昼を過ぎていたので腹は減る。宿近くのチェーンレストランで鶏肉を食べようと入っていくと、何とキャフェテリア方式で食べたい物を取る。何だかよく分からないが、最後に無料ドリンクがあって、好感度高し!周囲で食べている人は従業員か宅配バイクの人ばかり、というのがかなり疑問だった。まあ鶏スープが飲めれば何でもよかった。


かなり疲れてしまい、午後は部屋で休息した。早めの夕食をとろうと思っていたが、午後5時頃激しい雨が降り出す。もう寧波で食事しなくてよい、というお告げかとは思ったが、最後にどうしても食べたいものがあり、雨の中、傘をさして一番近くの食堂へ向かう。何とその食堂はかなり込み合っており驚く。

私が頼んだもの、それは魚羹だった。ついでに紅焼肉も頼んで席に着く。メニューなどない、その場で素材を見て調理法で注文するシステムだった。予想はしていたのだが、当然一人では食べ切れない量だったが、食べたいのだから仕方がない。いやー、このとろみのある優しいスープが好きだ。小碗で何杯もお替りしたが、結局残した。それでも悔いはない。

5月17日(土)上虞に呉覚農を訪ねる
翌朝は晴れていた。宿の朝飯を軽く取り、宿を出て地下鉄で寧波駅まで行った。もう高鉄に乗るのも慣れてしまい、緊張感はない。今日は紹興東駅まで僅か40分の旅だ。まあ週末なので乗客は多いかと思っていたが、空席が結構あった。降りる時大量に人が乗って来たから、紹興や杭州から上海に行く人々がチケットを買ったのかもしれない。

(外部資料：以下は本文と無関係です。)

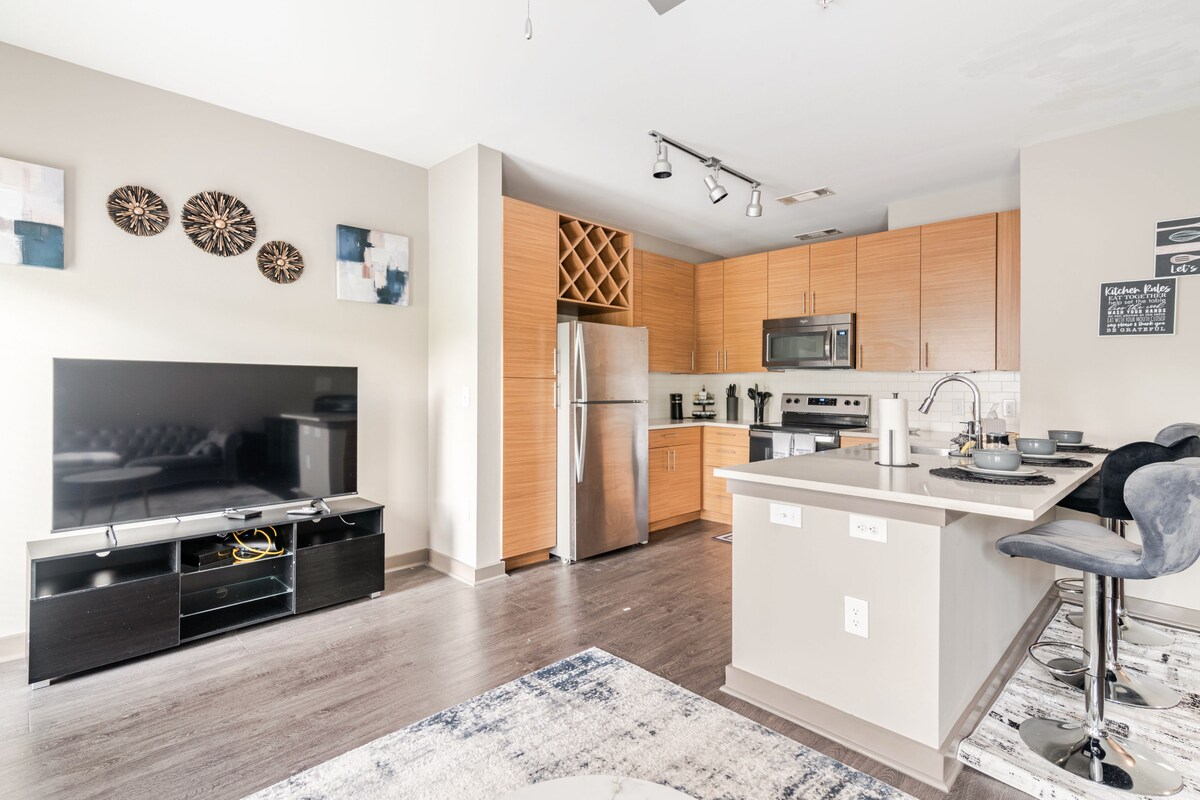 Nestled in Uptown Charlotte's charming historic neighborhood, the Fabulous Flat is exceptionally clean, safe, pet-friendly, and lovingly hosted by the on-site homeowner. Stylish with striking skyline views offering a large bedroom, a charming living room, a well-equipped kitchen, and your own private balcony! Thoughtfully luxurious amenities - even snacks! Super-fast, reliable WiFi. Premium cable/streaming.

紹興東駅で車を呼んだのだが、一向に見つけられず困った。ほぼスマホに表示された位置にいるのに車はいない。もしやと思い地下へ行ってみたが駐車場だった。結構困って上を見上げたら、駅の入り口は2階、行ってみるとちゃんと車が待っている。私の問題は登録している電話番号のシムを使っていないため、運転手が電話しても出られないことだと気づく。

車は郊外の何もない地帯を走っていく。そしてほぼ何も無いところに予約した宿があった。今日は田舎だからか、米系有名ホテルが意外と安かったので、泊まってみることにしただ。さすがに立派な宿で、しかもお客は多くないらしく、アップグレードされた部屋は相当立派で嬉しくなる。何より眺めが抜群。バスタブもあり、そこからの眺望もよい。勿論部屋は広い。スタッフがお菓子やフルーツまで持ってきてくれてテンション上がる。


そこで車を呼び、呉覚農故居へ向かう。かなり遠いようで車が来るか心配だったが、すぐにやって来た。そしてこの旅で初めて運転手から話し掛けられた。「日本から来た」と言うとすごく驚いて「私の車に外国人が乗ったのは初めてだ」と喜んでくれた。そしてこの上虞という街が「意外と消費レベルも不動産価格も高い。杭州などより静かでいいらしい」という。
呉覚農故居まで車で1時間弱かかった。さすがにここで車を返して良いか迷ったが、行ってみると豊恵古鎮という老街が出来ており、心配は杞憂だった。車が入れるギリギリで降りると住民がこちらを見ていたので「呉覚農故居」と言ってみると、すぐに向こうを指した。その先から老街が左右に広がっており、私はなぜか左に行った。そこから運河沿いに長い老街を歩いた。


予想外に雰囲気のある道、歴史的な橋などもあり、純粋に楽しめた。結局端まで行ってまた戻り、ようやく故居に辿り着く。家自体は閉まっており参観できないが、隣に記念館が建っており、時間外ながら開いていたので見学した。展示は先日上海で見たものとほぼ同じだった。ただなぜ呉覚農がこの街から出て全国的な指導者になったのか、その一端を垣間見たような気はした。この付近は100年以上前、紹興や杭州に繋がるこの川でかなり栄えていたのだ。